Est-ce que le copywriting rend riche ? Oui, 5 à 10% des copywriters que je connais sont riches (au sens où ils gagnent plus de 10.000€ par mois).

40% d’entre eux gagnent un salaire correct (entre 4 et 6000€).
30% des copywriter français réussissent à facturer entre 1500 et 4000€ par mois.

Et le bas du panier, un copywriter sur quatre, lutte et a du mal à gagner 1500€/mois.

Sources :

Glassdoor annonce un salaire de copywriter annuel de 38699€ (soit 3013€/mois), mais Jobted indique que le salaire moyen d’un Copywriter est de 2 140 € net par mois (soit 32 200 € brut par an), soit 200 € (-9%) de moins que le salaire moyen en France.

Apprendre le copywriting, c’est facile. Bien en vivre, c’est plus compliqué… et réservé à ceux qui vont vraiment travailler et investir temps et argent dans le processus.

Ne tombez donc pas dans le panneau : les copywriters célèbres que vous voyez en ligne sur Linkedin ou Tiktok sont souvent dans le top 10%. Ils maîtrisent le copywriting, et savent aussi très bien se vendre et assurer leur personal branding.

Ce qui fait la différence de salaire entre un bon copywriter et un mauvais ? Le talent naturel (un peu), le travail et l’engagement (beaucoup), et le type de spécialisation dans le copywriting.

Saviez-vous qu’il existait différents types de copywriters ?

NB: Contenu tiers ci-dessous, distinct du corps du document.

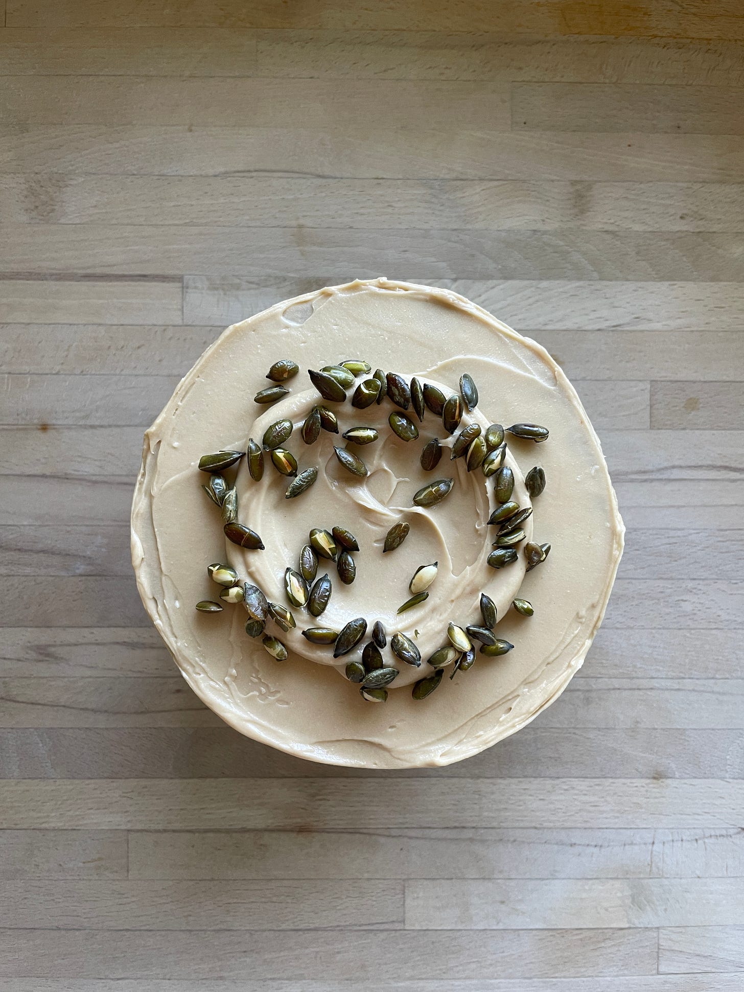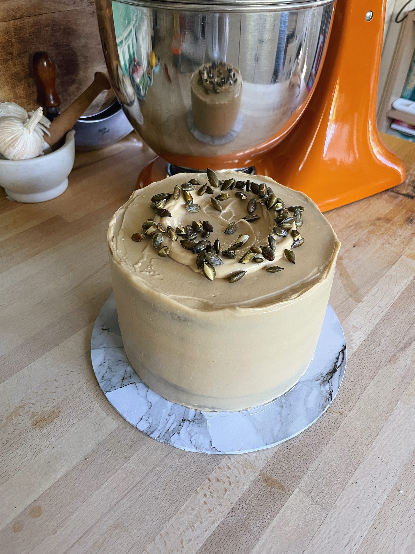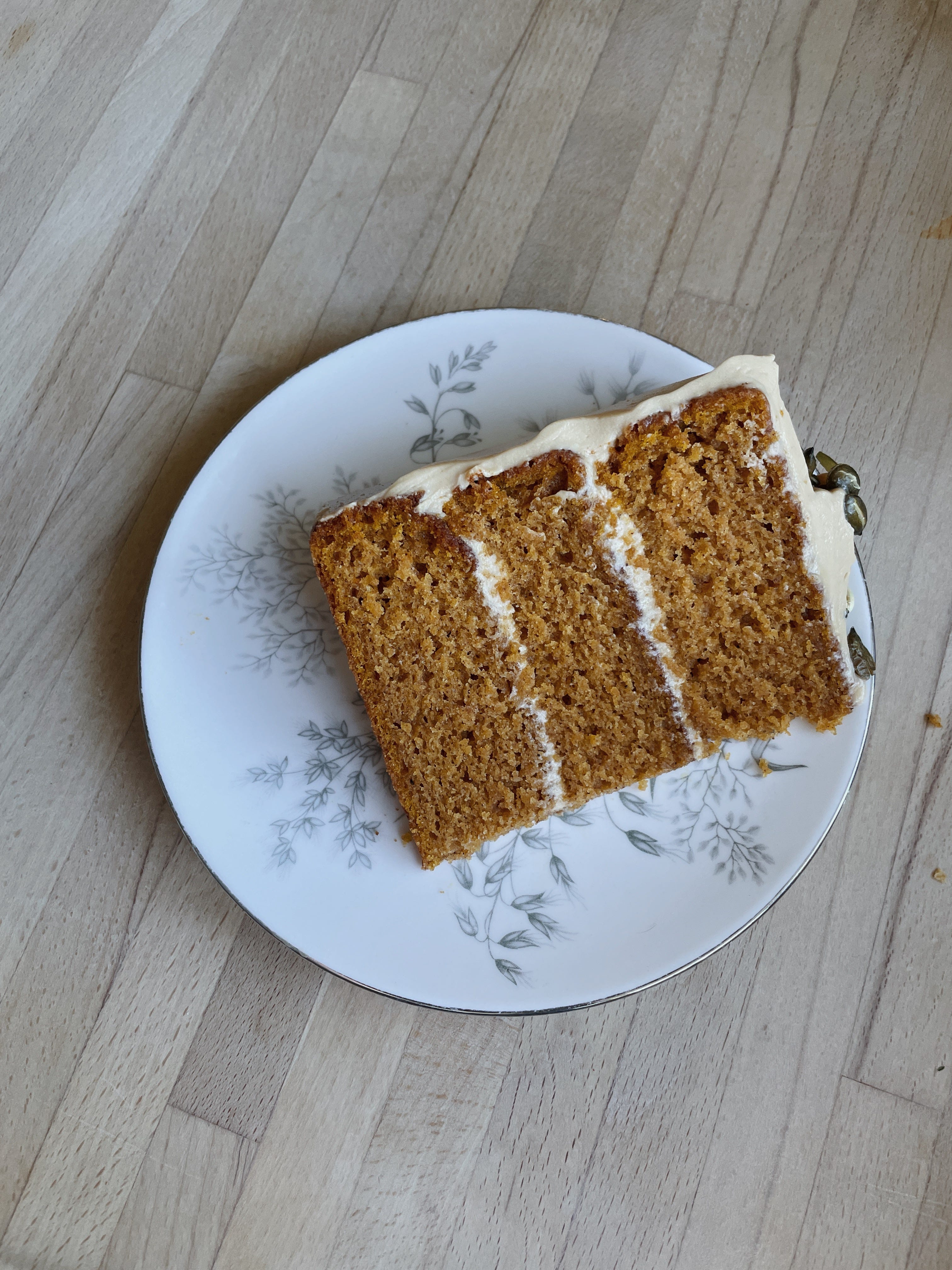 This pumpkin cake is a riff on a Cupcake Jemma recipe, (fun fact, CJ’s Youtube channel saved me from one of my most challenging periods of anxiety back in 2017, during this time I really struggled to sleep… I would spend night after night watching her video's on Youtube which were an excellent antidote to my anxiety.) It has a stunning golden hue and is ultra-tender with a mellow hit of spice. I’ve then adapted a cream cheese icing recipe from legend, Dan Lepard, incorporating a touch of coffee for the ‘latte’ element to this Pumpkin latte cake. I’m going to be totally honest at this point and admit that I haven’t actually tried a Pumpkin spice latte before… I know, I’m a complete Charlatan for trying to replicate it in cake form without any idea of what I’m aiming for. Nevertheless, this tastes how I imagine it should, and frankly, it’s yummy, soooo, that’s all that matters right?
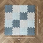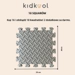 Panele piankowe o wymiarach 30 × 30 cm. Zestaw składa się z 16 sztuk (i 2 dodatkowych luźnych paneli). Całkowity rozmiar wykładziny to 2,5 metra kwadratowego. Może być stosowany w różnych pomieszczeniach, a nawet na zewnątrz.
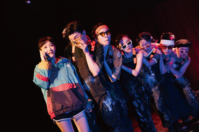 整場演出由歌隊整齊劃一的動作拉開序幕——女主角陳靜(康雅婷飾)與男主角陳柏青(周家寬飾)身著明黃色與深藍色雨衣,是其中最鮮明的存在。
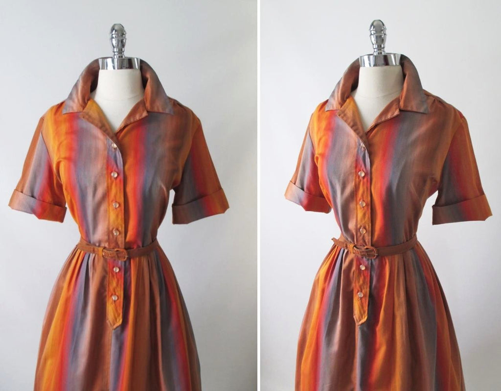 Vintage 60's 50's Ombre Stripe Shirtwaist Full Skirt Day Dress M
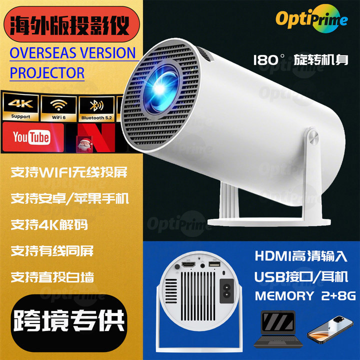 New Cross-Border 4K Ultra-High Definition Hy320Mini Home Export Ptz Portable Living Room Mobile Phone Smart Projector
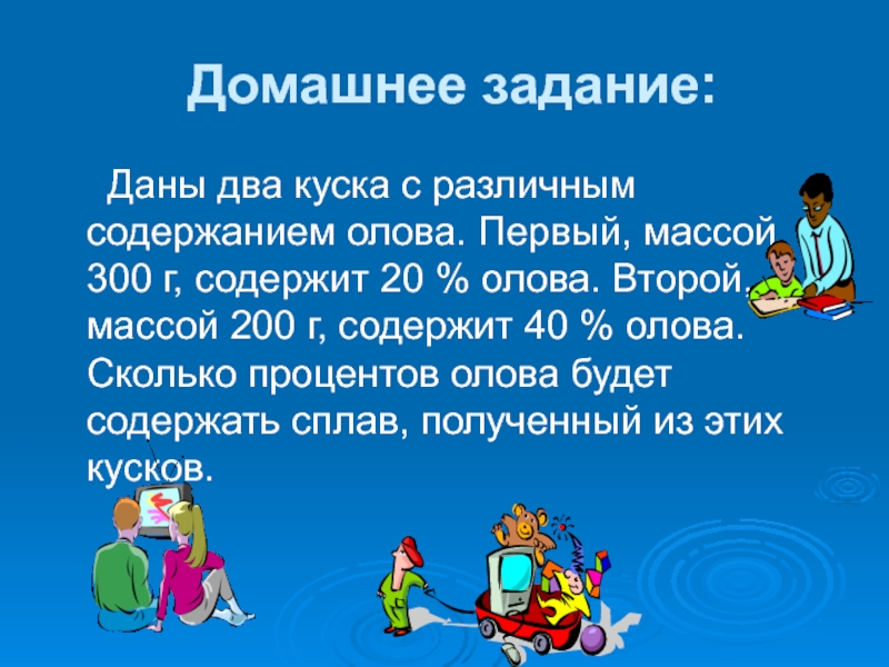 олова. Первый, массой 300 г, содержит 20 % олова. Второй, массой 200 г, содержит 40 % олова. Сколько процентов олова будет содержать сплав, полученный из этих кусков.
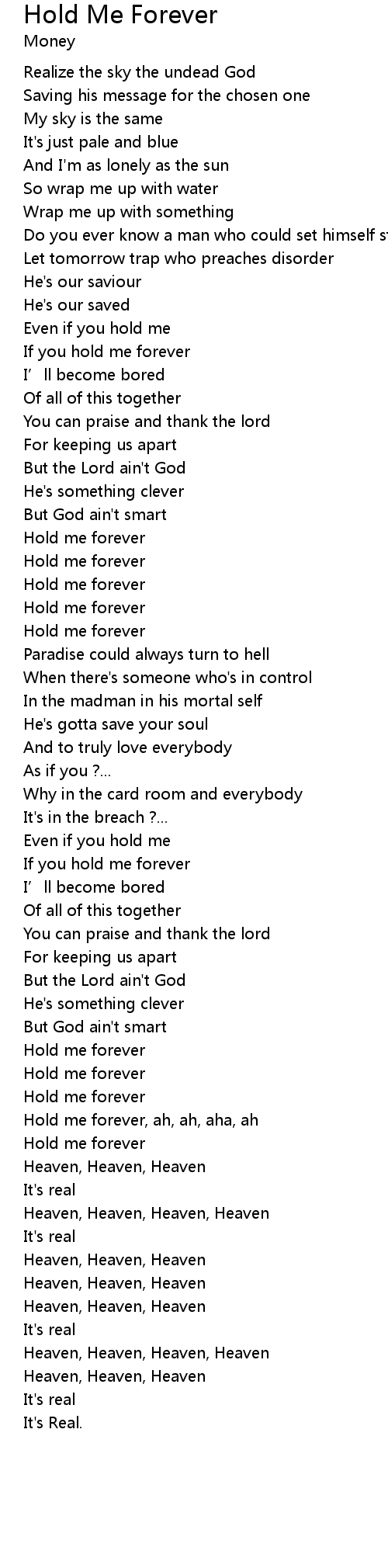 | Hold me forever, ah, ah, aha, ah | |
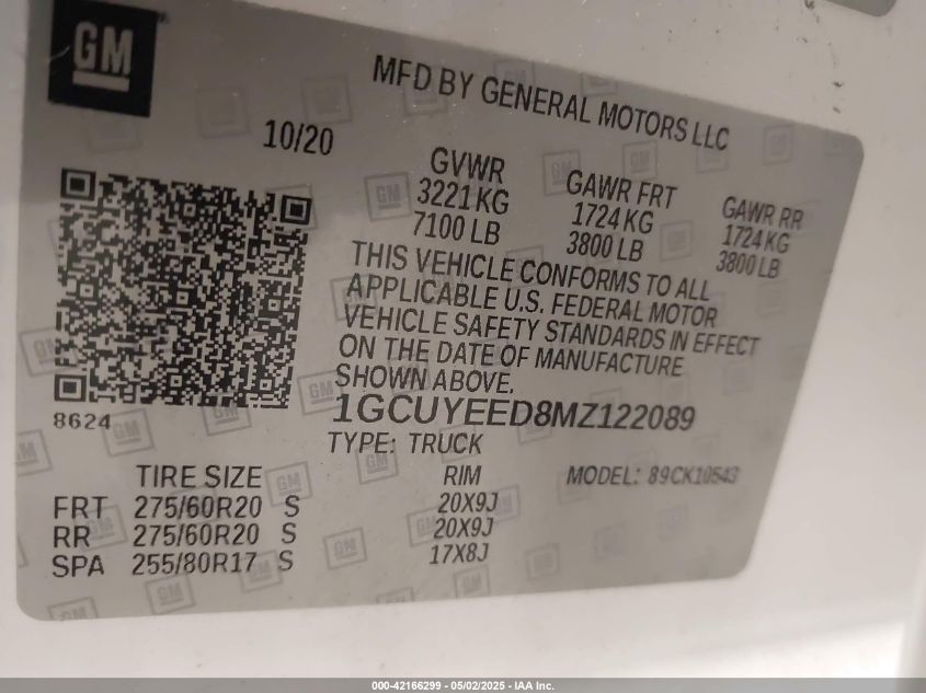 Цвет БелыйЦилиндры 8Привод Полный приводVIN 1GCUYEED8MZ122089Состояние СтационарноПовреждение Передняя и задняяДата аукциона 2025-11-04
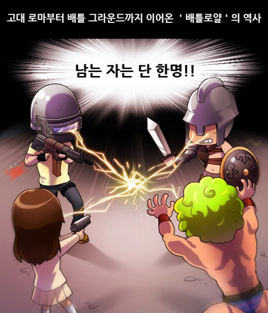 '¹èƲ·Î¾â' À帣 °ÔÀÓÀÎ '¹èƲ±×¶ó¿îµå' ¶ÇÇÑ ¿ÀÇ ¿ùµå·Î ±¸ÇöµÈ ¼¶¿¡¼ ÃÖ´ë 100¸íÀÇ À¯Àú°¡ ¹«±â, ¾àǰ µî ´Ù¾çÇÑ ¹°Ç°À» ȹµæÇϰí ÃÖÈÄÀÇ 1ÀÎÀÌ µÇ±â À§ÇÑ ÀüÅõ¸¦ ±×·Á³»°í ÀÖÀ¸¸ç ƯÁ¤ ½Ã°£ÀÌ Áö³ª¸é Á¦ÇÑ ±¸¿ªÀÌ ¹ß»ýÇÏ°í ±× ±¸¿ªÀÌ Á¡Á¡ Á¼¾ÆÁö¸é¼ ÀÚ±âÀåÀÌ ¹ß»ýÇØ ÀÚ±âÀå ¹Û¿¡ ÀÖ´Â À¯Àú´Â Áö¼ÓÀûÀ¸·Î ÇÇÇØ¸¦ ÀÔ¾î ÃÖÁ¾ÀûÀ¸·Î Á¼¾ÆÁø ±¸¿ª¿¡¼ À¯Àú°£ ÀÚ¿¬½º·´°Ô »çÅõ¸¦ ¹úÀ̵µ·Ï À¯µµÇÑ´Ù.
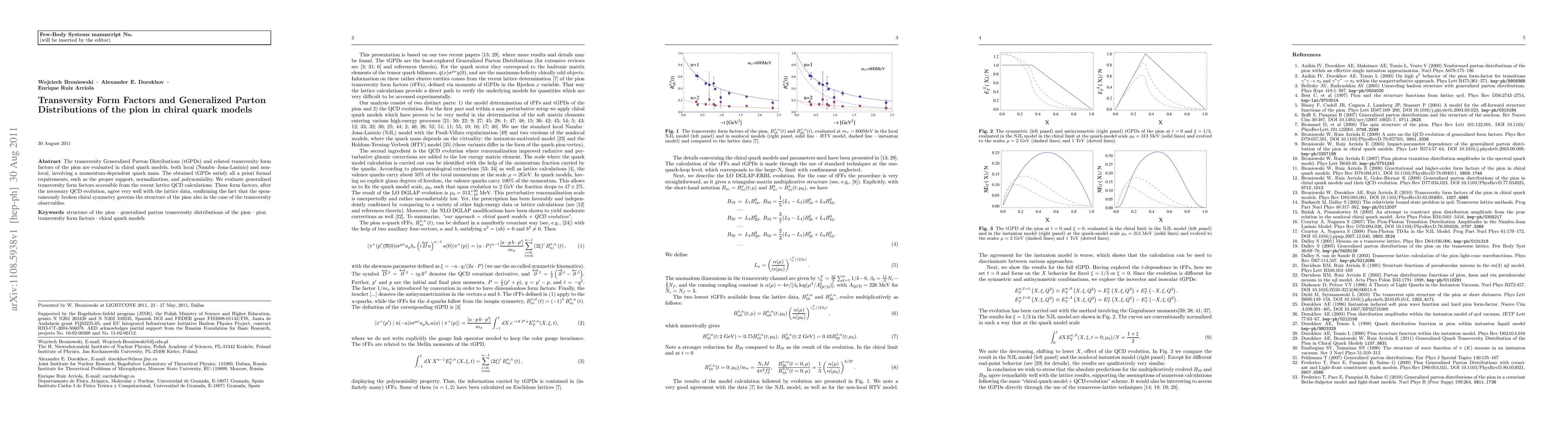 This paper evaluates the transversity Generalized Parton Distributions (tGPDs) and related form factors of the pion using chiral quark models, showing good agreement with lattice QCD calculations and confirming the role of spontaneously broken chiral symmetry in the pion's structure. The tGPDs meet all formal requirements, including support, normalization, and polynomiality.
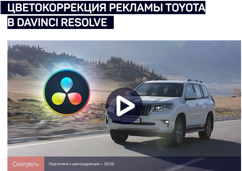 Получи скидку на мастер-класс «Цветокоррекция рекламы Toyota в DaVinci Resolve»
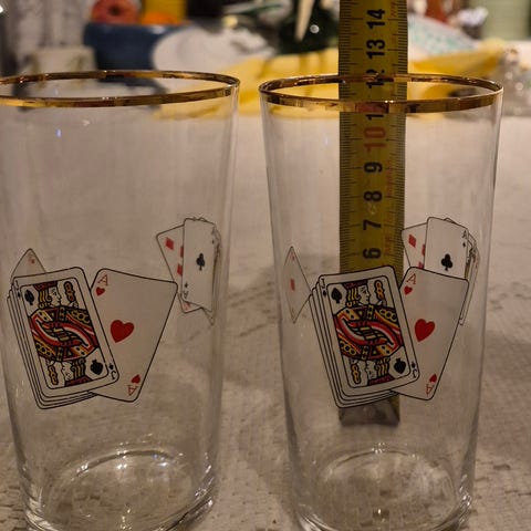 spillkort glass sett bestående av 3 glass. Glassene er transparente med dekorative spillkortmotiver og gullkant rundt toppen. Egnet til servering av drikkevarer.
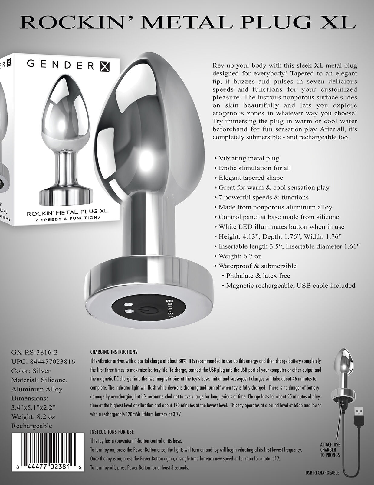 Unleash your inner adventurer with a metallic marvel that takes your pleasure game up a notch. The 4" Vibrating Metal Butt Plug from Gender X isn’t just any plug – it’s your ticket to a whole new level of excitement. With its sleek, nonporous aluminum alloy build, this bad boy slides in effortlessly, offering a tailored experience with seven electrifying vibration settings. Whether you're flying solo or adding some zing to partnered play, this plug is all about bold sensations. Fancy a bit of temperature play? Go ahead and dunk it in warm or cool water for that extra thrill. And with its rechargeable design, it’s always ready for the next round.
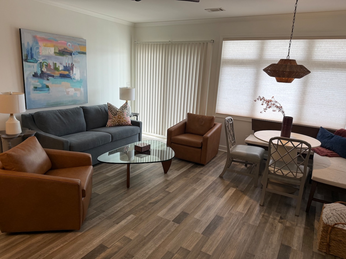 Formally a garage, this property has been transformed into a trendy two bedroom home! Located on premises at The Midtown Lofts, you can enjoy all of the amenities the property has to offer. Pool, fitness center, beach volley ball court, fire pit and the private movie theater. Pool is seasonal. The large windows allow all of the natural light you want! Two full-size beds. There is also a work space for those of you who are traveling for business, but please try to have some fun as well!
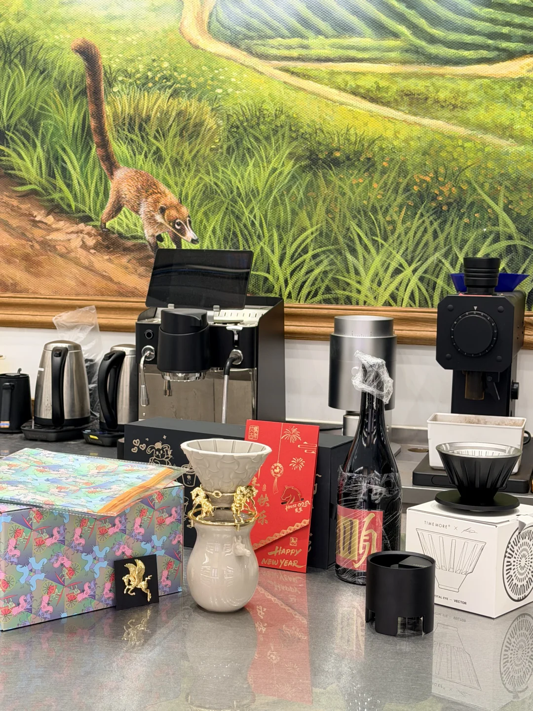 刚从非洲回来,南京赛区三个大比赛都结束了,感谢小伙伴的支持,希望南京站,咖啡拉花,咖啡冲煮和咖啡师赛,选手们都收获满满,比的开心🥳 今天早上在公司拆箱了一些新年礼物,谢谢 TIMEMORE 马上我就去玩起来 这两块巧克力很好吃,我也是蹲点在线抢来的… 玩点新东西
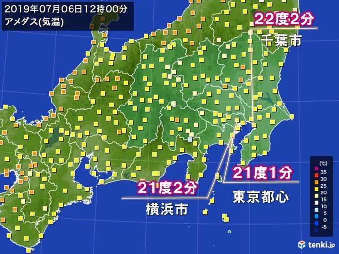 きょう(6日)の関東はオホーツク海高気圧から冷涼な空気が流れ込み、沿岸部を中心に朝から気温が横ばいとなっています。東京都心の正午の気温は21度1分でした。5月中旬並みで、季節が1か月半ほど戻ったような気温です。そのほか正午の気温は横浜市で21度2分、千葉市で22度2分と20度を少し上回る程度となっています。
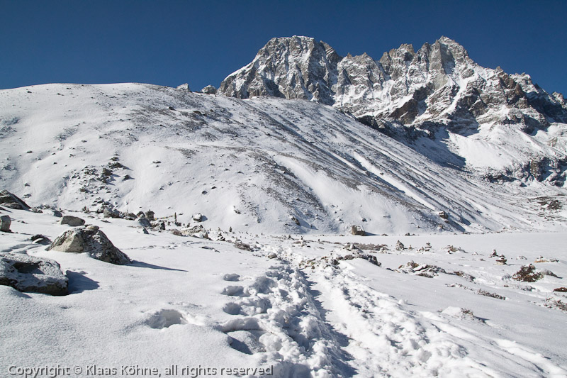 Mein Aufbruch verzögert sich wieder mal, weil ich genauso schlecht in die Eisstiefel reinkomme wie in den letzten Tagen. Das kann schon mal ´ne Veirtelstunde dauern. Um kurz nach acht komme ich los. Heute soll es abwärts bis nach Dole (ca. 4000m) gehen und danach wieder hierhin rauf. Im Vergleich zu den letzten Strapazen wird das heute also ein "Ruhetag". Zu Beginn ein schöner Winterspaziergang im glitzernden Schnee...
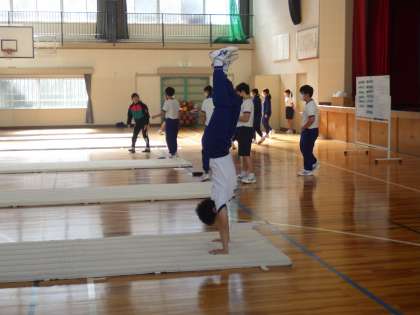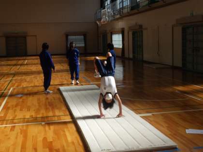 倒立からの発展で、倒立前転、側転、腕立て前方回転(ハンドスプリング)、ロンダートにも挑戦していました。
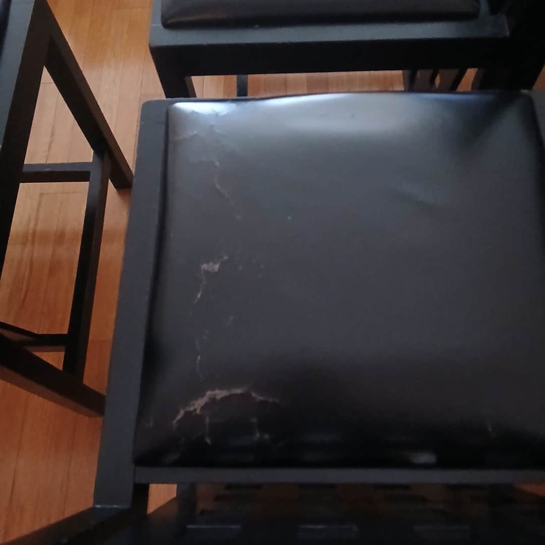 6 sillas de diseño de importante arquitecto argentino con incrustaciones en nácar y asiento en cuero (1 con avería. Sillas con detalles de uso. Ver fotos). 48 x 48 x 75 cm.

III] Les 3 différents types de copywriters

En réalité, il existe bien plus de types de copywriters. Je décide d’exclure les copywriters SEO, qui sont plus des rédacteurs. J’exclus aussi de ma définition les copywriters qui doivent écrire des fiches produits. Pourquoi ? Pour me concentrer sur les 3 types de copywriters qui gagnent bien leur vie.

#1 Les concepteurs rédacteurs créatifs

99 francs le film

Quand ils étaient en école de publicité ou en école de communication, ils ont dû apprendre le copywriting, le branding, le marketing… et aussi faire des stages en agence de com’.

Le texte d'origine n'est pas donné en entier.